Raw data:
+-------+
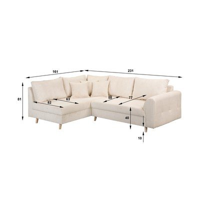 S lijevim kutom/u obliku slova L, siva, s 3 mjesta, širina 231 cm
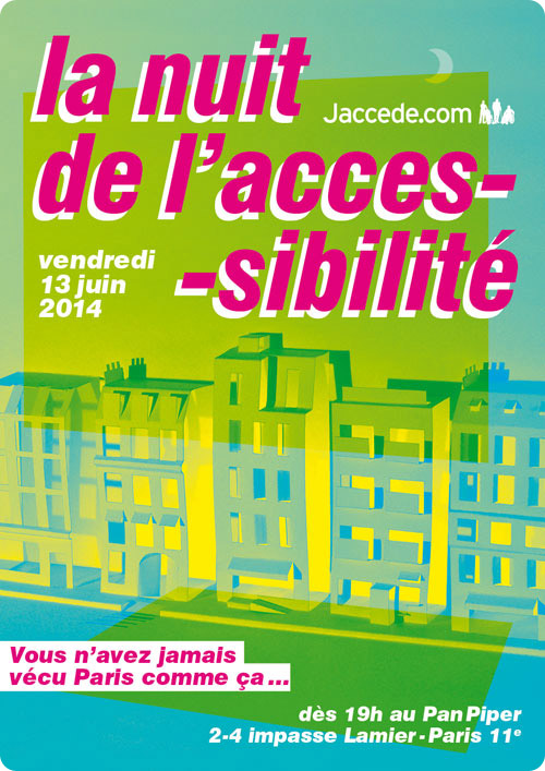 Comme son nom l’indique, la Nuit de l’Accessibilité se passe … la nuit ! En effet, Jaccede.com vous donne rendez-vous le 13 juin prochain de 19h à 1h pour recenser les lieux de la nuit accessibles à Paris, et partager de bons moments dans une ambiance musicale et artistique.
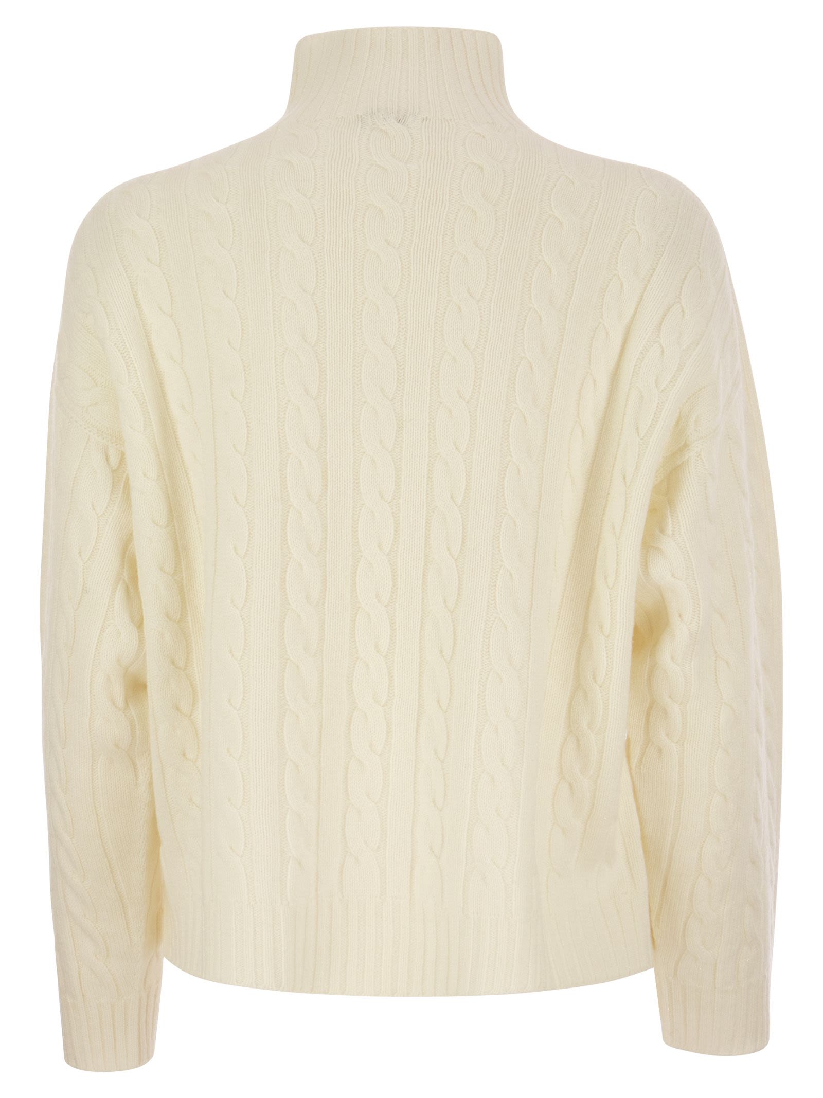 Lana, seta e cashmere miscela jumper, un bel mix per un aspetto impressionante, perfetto per ogni giorno con un cavo a maglia, al collo alto e dettagli a strisce su colletto, polsini e orlo. - Neck High - polsini a coste, bordo di orlo e colletto - ID designer adatta regolare: S99018F07 09095 401
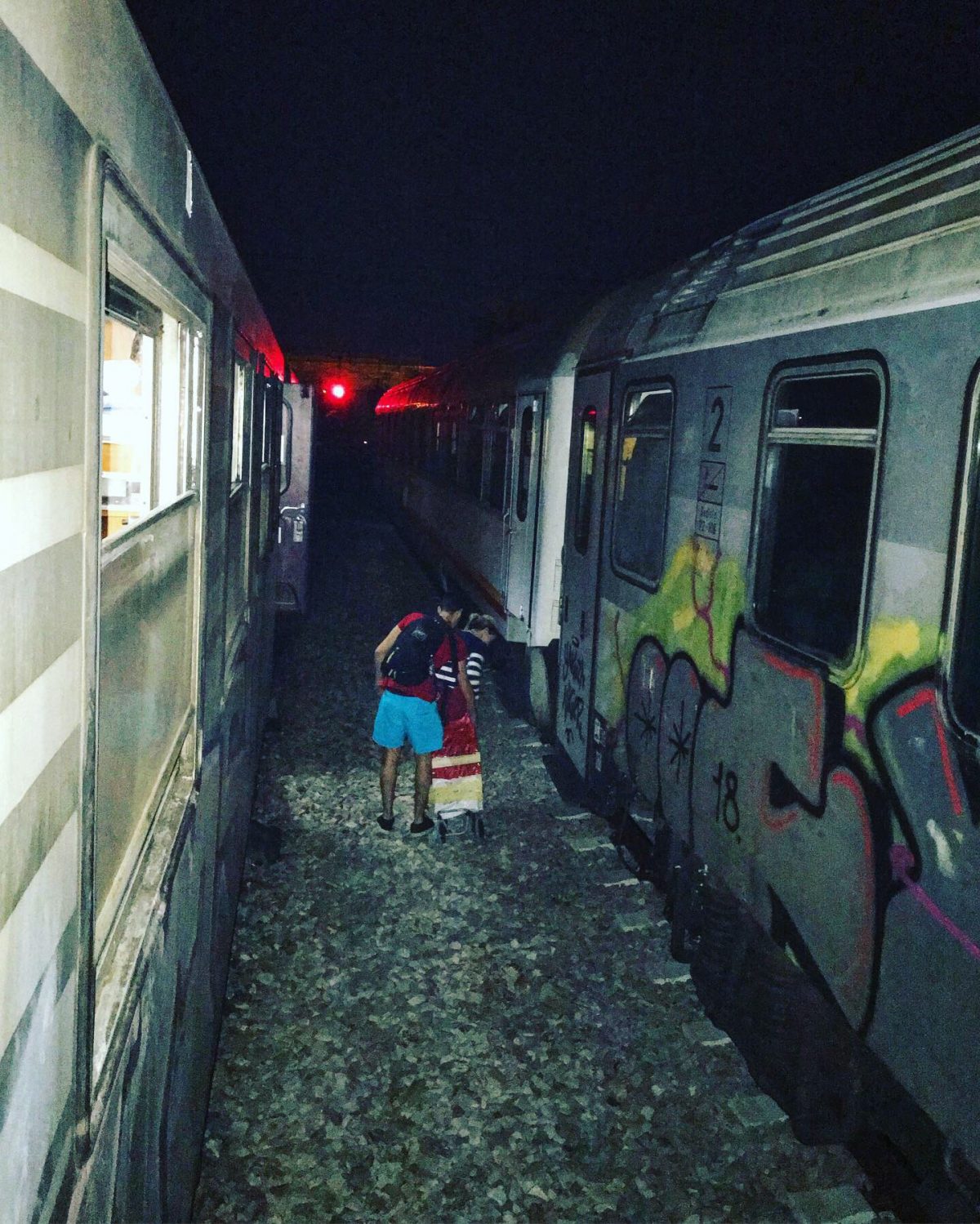 21.10 Uhr…Ankunft im Kleinstädtchen Lazarevac…er stand tatsächlich vor mir: Der Nachtzug „432 Lovcen“, eine bunte Mischung aus aus blauen, weiß-blau-roten und grünen Wagons, welche natürlich allesamt mit Graffiti beschmiert waren!
+-------+
Copy exactly, please, the lines that run from the line holding "Lana, seta e" through the closing line of the material above, omitting every picture.

 Lana, seta e cashmere miscela jumper, un bel mix per un aspetto impressionante, perfetto per ogni giorno con un cavo a maglia, al collo alto e dettagli a strisce su colletto, polsini e orlo. - Neck High - polsini a coste, bordo di orlo e colletto - ID designer adatta regolare: S99018F07 09095 401
 21.10 Uhr…Ankunft im Kleinstädtchen Lazarevac…er stand tatsächlich vor mir: Der Nachtzug „432 Lovcen“, eine bunte Mischung aus aus blauen, weiß-blau-roten und grünen Wagons, welche natürlich allesamt mit Graffiti beschmiert waren!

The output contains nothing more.